This purpose of this research proposal is to support the development of Palak Shah, MD, MS into an independent investigator, and to conduct novel, transformative explorations of circulating, cell-free microRNAs (ccf-miR) in heart transplantation. Circulating, cell-free miRs may serve as non-invasive biomarkers of allograft rejection and cardiac allograft vasculopathy (CAV), two leading causes of morbidity and mortality in heart transplant recipients. The candidate, Dr. Shah, has demonstrated his long-standing commitment to academic medicine by pursuing a Masters in Clinical and Translational Research. As a junior faculty member, Dr. Shah?s early work has focused on the identification of blood-based biomarkers to better manage patients with advanced heart failure, left ventricular assist devices (LVADs), and following transplantation. The K23 award will extend initial experiences in genomic assay development and biomarker validation to include: 1) isolation of ccf-miRs from blood samples and preparation of biospecimens for next-generation sequencing; 2) sequence data alignment and bioinformatic interpretation of sequence data; and 3) the development of a clinical panel of ccf-miR biomarkers to detect allograft rejection using biostatistical analyses that combine transcriptomic and clinical data. To accomplish these goals, a comprehensive career development plan has been formulated that includes both formal coursework and mentored research under the close supervision and guidance of a senior team of experienced mentors. The mentorship team includes multiple thought-leaders with detailed expertise relevant to the career goals of the applicant: Christopher O?Connor, MD (clinical validation of heart failure biomarkers and trial design), Jun Zhu, PhD (RNA-sequencing and bioinformatic analyses), Hannah Valantine, MD (cardiac transplantation and genomic biomarkers), and Christopher deFilippi, MD (cardiovascular biomarker discovery and validation).

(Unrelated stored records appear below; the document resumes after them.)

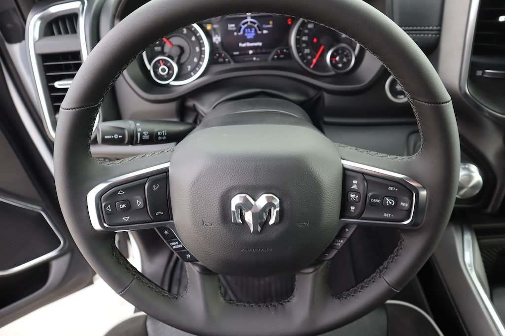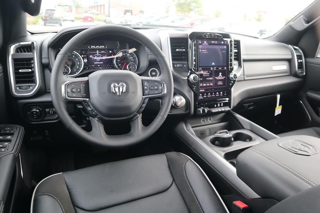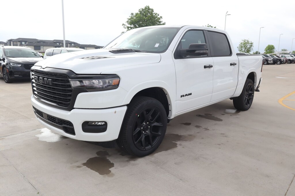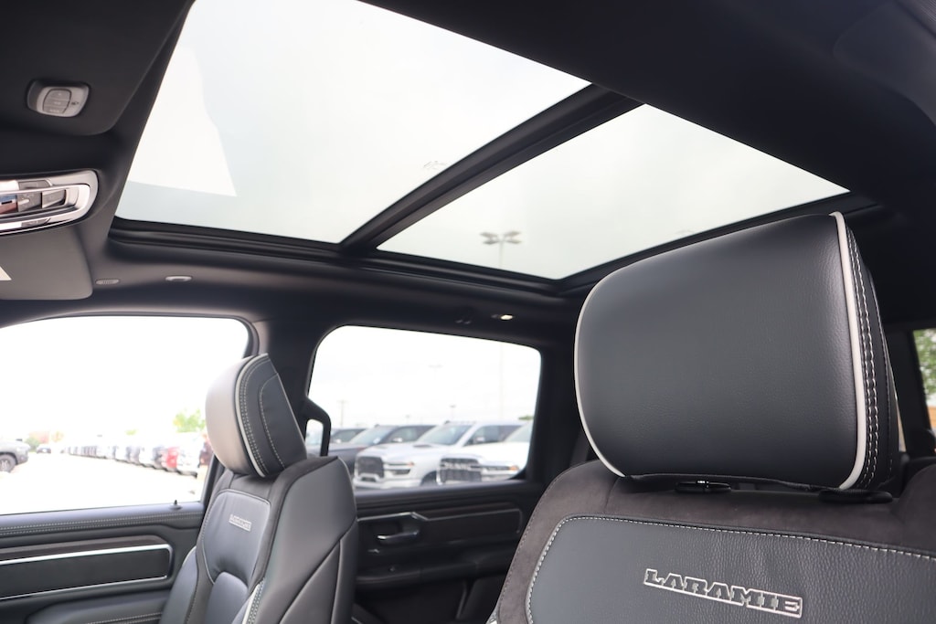 THIS VEHICLE COMES EQUIPPED WITH THE FOLLOWING OPTIONS AND FEATURES: Bed Utility Group (Exterior 115V AC Outlet, MOPAR 4 Adjustable Cargo Tie-Down Hooks, and MOPAR Spray in Bedliner), Laramie Level 1 Equipment Group (Rain Sensitive Windshield Wipers and Remote Tailgate Release), Night Edition (Accent Color Door Handles, Accent Color Premium Power Mirrors, Accent Color Tailgate Handle, Anti-Spin Differential Rear Axle, Auto Power-Folding Mirrors, Auto-Dimming Exterior Driver Mirror, Black Exterior Truck Badging, Black Headlamp Bezels, Black Interior Accents, Black Painted Exterior Mirrors Caps, Black Tail Lamp Bezels, Body Color Front Bumper, Body Color Rear Bumper with Step Pads, Convex Wide-Angle Exterior Mirror Insert, Dual Exhaust with Black Tips, Exterior Mirrors Approach Lamps, Exterior Mirrors Courtesy Lamps, Exterior Mirrors with Heating Element, Exterior Mirrors with Memory, Exterior Mirrors with Supplemental Signals, Grille Surround 3 Black Texture 2 Black, Pirelli Brand Tires, Proximity Approach/Departure Lamps, RAM Grille Badge - Black, Sport Performance Hood, and Wheels: 22" x 9" Forged Aluminum), Quick Order Package 21H Laramie, GPS Navigation, Navigation System, 10 Speakers, 3.55 Rear Axle Ratio, 4-Wheel Disc Brakes, 4G LTE Wi-Fi Hot Spot, ABS brakes, Active Noise Control System, Adjustable pedals, Air Conditioning, Alloy wheels, AM/FM radio: SiriusXM with 360L, Apple CarPlay/Android Auto, Audio memory, Auto High-beam Headlights, Auto-dimming door mirrors, Auto-dimming Rear-View mirror, Automatic temperature control, Brake assist, Bumpers: chrome, Chrome Exterior Mirrors, Compass, Connected Travel and Traffic Services, Connectivity - US/Canada, Delay-off headlights, Dome Dual LED Reading Lamp, Driver door bin, Driver vanity mirror, Dual front impact airbags, Dual front side impact airbags, Dual-Pane Panoramic Sunroof, Electronic Stability Control, Front anti-roll bar, Front Bucket Seats, Front Center Armrest w/Storage, Front dual zone A/C, Front fog lights, Front License Plate Bracket, Front reading lights, Front wheel independent suspension, Fully automatic headlights, Garage door transmitter, Heated door mirrors, Heated front seats, Heated rear seats, Heated steering wheel, Illuminated entry, Integrated Center Stack Radio, Integrated Voice Command with Bluetooth, Leather steering wheel, Leather Trimmed Bucket Seats, LED Dome/Reading Lamp, Low tire pressure warning, Memory seat, MOPAR Front and Rear Rubber Floor Mats, Occupant sensing airbag, Off-Road Information Pages, Outside temperature display, Overhead airb Price includes: $3500 - 2026 National Retail Bonus Cash . Exp. 04/30/2026 $750 - 2026 Southwest BC Retail Bonus Cash . Exp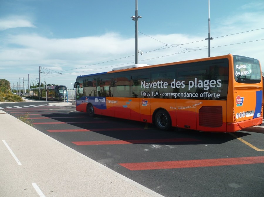 La nouvelle navette des plages à destination du « Grand Travers » est en correspondance à la station « Pérols – Etang de l’Or » de la ligne 3. Photo prise le samedi 1er juin 2013 par Edouard Paris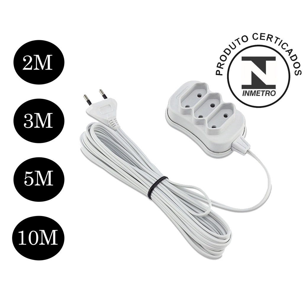 Extensão Elétrica de 2, 3, 5 e 10 metros com 3 tomadas bivolt 10A Plug 2 pinos Extensão de Energia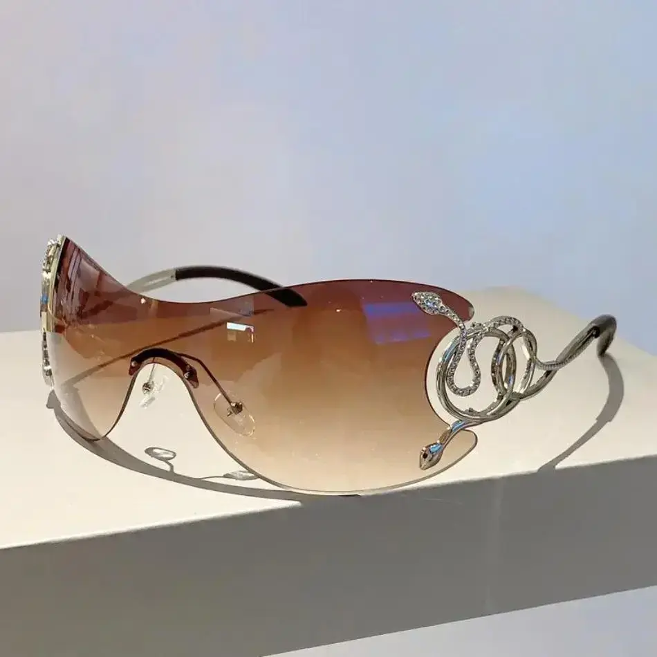 Women's frameless sunglasses, fashionable gradient lenses, outdoor sunshade, fashionable luxury brand design, metal frame glasses, 2026 new model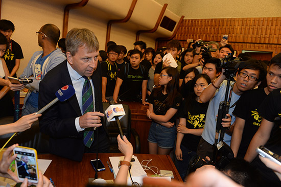 港大校长马斐森昨日向港大教职员、学生及校友发电邮强调,校方谴责任何暴力,不能容忍前晚学生在校委会开会期间冲入会场的行为,批评其行动完全不尊重校委会的保密性。他又说,校委会已有两名学生代表,学生有任何诉求都可透过代表在会上以冷静、理性的方式向其他校委会成员提出。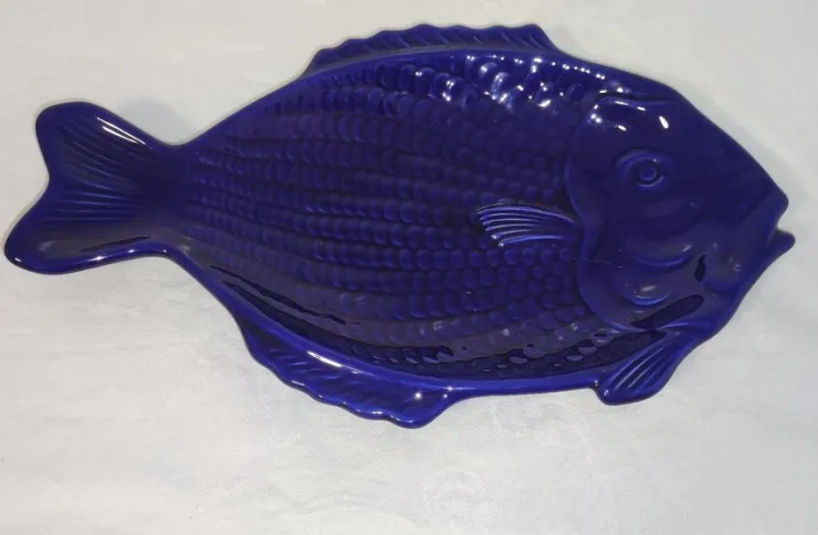 Blå fiskformad serveringsfat i keramik. Perfekt för att servera snacks, tillbehör eller som en unik dekoration.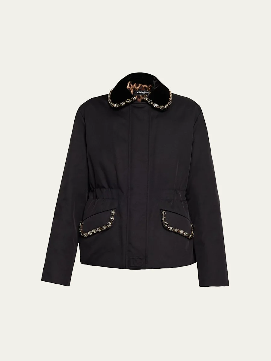 Dolce&Gabbana barn jacket is crafted of a nylon twill featuring a velvet collar embellished with crystal embroidery and a monogram embossed hem detail Peter-Pan collar; concealed front zip Long sleeves Internal drawstring cinched waist Hip flap pockets Relaxed fit Hip length Nylon/polyamide/viscose/cupro Made in Italy Online Inquiries: BGS21_BA2Z3| Store Inquiries: #5021212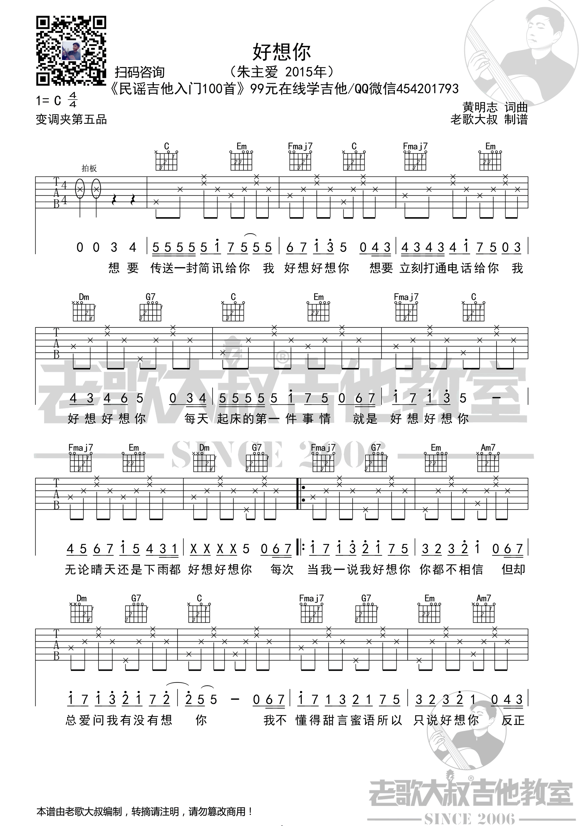 - 朱主爱《好想你》吉他谱_C调六线谱_高清版

The specific aims of the research are to 1) Determine the ccf-miR transcriptome of cardiac transplant recipients to identify novel miR biomarkers that distinguish cardiac allograft rejection; 2) Distinguish ccf-miR biomarkers of chronic rejection manifest as cardiac allograft vasculopathy. Previous groundwork and training have prepared Dr. Shah to successfully undertake the proposed research, and to transition him into an independent investigator. The study results are expected to establish a framework for using ccf-miRs as diagnostic biomarkers of allograft rejection and CAV. Once clinically validated in a future multicenter study, ccf-miRs can be used to non-invasively diagnose allograft rejection and CAV in heart transplant patients.

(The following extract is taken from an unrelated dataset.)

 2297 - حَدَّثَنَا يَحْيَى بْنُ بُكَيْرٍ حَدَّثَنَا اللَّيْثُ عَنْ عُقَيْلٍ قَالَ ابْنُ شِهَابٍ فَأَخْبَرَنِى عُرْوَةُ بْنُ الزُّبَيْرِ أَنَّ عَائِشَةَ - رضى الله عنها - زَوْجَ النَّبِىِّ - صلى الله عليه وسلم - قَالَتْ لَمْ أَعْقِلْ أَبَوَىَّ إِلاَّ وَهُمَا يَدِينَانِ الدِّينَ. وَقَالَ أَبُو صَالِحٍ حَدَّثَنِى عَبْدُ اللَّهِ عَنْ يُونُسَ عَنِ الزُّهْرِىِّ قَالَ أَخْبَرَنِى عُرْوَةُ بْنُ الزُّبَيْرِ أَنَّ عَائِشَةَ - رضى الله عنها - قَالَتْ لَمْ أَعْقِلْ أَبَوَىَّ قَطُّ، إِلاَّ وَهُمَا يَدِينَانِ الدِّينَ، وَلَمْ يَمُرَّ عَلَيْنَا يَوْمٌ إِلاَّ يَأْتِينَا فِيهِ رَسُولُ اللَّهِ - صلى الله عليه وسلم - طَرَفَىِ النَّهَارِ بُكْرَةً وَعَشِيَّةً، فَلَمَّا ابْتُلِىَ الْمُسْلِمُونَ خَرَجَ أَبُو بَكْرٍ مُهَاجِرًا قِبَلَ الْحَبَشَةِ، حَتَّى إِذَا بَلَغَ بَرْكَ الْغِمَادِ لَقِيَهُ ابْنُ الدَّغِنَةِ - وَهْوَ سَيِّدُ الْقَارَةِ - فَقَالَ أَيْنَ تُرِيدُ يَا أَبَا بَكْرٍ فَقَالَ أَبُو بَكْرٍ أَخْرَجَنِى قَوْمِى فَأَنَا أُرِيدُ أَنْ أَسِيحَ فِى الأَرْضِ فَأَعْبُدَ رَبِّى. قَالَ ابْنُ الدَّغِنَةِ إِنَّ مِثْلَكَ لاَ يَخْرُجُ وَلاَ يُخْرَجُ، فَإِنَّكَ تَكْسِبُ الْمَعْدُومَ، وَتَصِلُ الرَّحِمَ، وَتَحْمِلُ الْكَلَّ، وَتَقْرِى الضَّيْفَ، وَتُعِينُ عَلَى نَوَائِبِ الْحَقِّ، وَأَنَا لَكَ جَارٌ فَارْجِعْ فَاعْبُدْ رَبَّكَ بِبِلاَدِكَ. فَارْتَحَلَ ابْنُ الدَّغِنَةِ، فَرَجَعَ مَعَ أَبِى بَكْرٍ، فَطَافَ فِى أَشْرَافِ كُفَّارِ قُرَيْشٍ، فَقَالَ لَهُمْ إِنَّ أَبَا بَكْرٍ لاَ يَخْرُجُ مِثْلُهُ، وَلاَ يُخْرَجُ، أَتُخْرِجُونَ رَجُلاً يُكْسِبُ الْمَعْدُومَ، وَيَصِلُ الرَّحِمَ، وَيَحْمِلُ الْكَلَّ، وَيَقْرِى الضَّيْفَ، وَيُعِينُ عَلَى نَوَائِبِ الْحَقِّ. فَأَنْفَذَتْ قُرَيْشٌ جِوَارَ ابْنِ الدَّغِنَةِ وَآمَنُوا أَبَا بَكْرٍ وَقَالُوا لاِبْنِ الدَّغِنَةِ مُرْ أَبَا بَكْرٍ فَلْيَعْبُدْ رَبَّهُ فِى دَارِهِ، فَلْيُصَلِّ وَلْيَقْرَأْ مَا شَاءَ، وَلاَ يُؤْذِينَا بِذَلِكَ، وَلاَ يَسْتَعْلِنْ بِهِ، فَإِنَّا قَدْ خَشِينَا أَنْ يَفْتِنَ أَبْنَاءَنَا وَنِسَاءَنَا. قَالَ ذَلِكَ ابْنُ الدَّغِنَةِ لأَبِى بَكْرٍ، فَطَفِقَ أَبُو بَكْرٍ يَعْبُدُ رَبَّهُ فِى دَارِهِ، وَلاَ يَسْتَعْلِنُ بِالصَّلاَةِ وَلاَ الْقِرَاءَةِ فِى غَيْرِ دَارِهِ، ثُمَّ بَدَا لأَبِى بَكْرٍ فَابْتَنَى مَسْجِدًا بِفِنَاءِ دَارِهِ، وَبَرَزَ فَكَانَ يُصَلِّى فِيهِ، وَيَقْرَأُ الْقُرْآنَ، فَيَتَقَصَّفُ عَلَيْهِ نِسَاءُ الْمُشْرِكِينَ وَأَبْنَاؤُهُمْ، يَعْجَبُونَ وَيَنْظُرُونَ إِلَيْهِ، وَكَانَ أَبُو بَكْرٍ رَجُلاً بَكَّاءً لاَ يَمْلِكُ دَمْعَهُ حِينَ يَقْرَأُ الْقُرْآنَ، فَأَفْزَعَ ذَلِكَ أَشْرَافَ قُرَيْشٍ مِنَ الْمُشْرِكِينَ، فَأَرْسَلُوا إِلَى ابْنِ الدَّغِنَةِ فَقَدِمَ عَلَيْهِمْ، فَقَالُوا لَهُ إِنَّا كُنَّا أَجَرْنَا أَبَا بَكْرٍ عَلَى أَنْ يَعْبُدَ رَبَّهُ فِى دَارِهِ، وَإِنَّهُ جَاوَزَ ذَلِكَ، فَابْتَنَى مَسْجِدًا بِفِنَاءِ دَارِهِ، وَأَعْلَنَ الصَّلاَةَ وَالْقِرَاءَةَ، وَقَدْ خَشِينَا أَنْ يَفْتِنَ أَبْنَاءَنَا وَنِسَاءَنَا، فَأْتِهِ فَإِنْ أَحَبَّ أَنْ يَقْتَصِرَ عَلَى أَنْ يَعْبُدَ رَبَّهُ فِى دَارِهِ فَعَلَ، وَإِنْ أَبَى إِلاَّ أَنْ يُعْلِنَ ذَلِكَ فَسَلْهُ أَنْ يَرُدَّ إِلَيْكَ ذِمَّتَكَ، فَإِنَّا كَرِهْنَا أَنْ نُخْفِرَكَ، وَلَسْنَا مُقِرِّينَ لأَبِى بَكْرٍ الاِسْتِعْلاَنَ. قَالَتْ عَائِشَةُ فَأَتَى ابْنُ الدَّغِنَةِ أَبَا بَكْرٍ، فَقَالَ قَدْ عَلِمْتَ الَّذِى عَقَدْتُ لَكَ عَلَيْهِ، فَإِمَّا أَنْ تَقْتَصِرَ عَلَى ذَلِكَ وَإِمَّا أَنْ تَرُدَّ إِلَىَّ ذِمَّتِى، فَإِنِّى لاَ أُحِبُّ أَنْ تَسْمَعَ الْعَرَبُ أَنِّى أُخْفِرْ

Two leading causes of morbidity and mortality in cardiac transplant recipients are allograft rejection and cardiac allograft vasculopathy. Diagnosing these conditions requires repetitive invasive procedures with inherent risks and varying diagnostic yield. Preliminary data suggests that circulating, cell-free microRNAs are novel, non-invasive biomarkers; using next-generation sequencing and bioinformatic analysis, we will identify circulating microRNA biomarkers that can be used to predict rejection and cardiac allograft vasculopathy.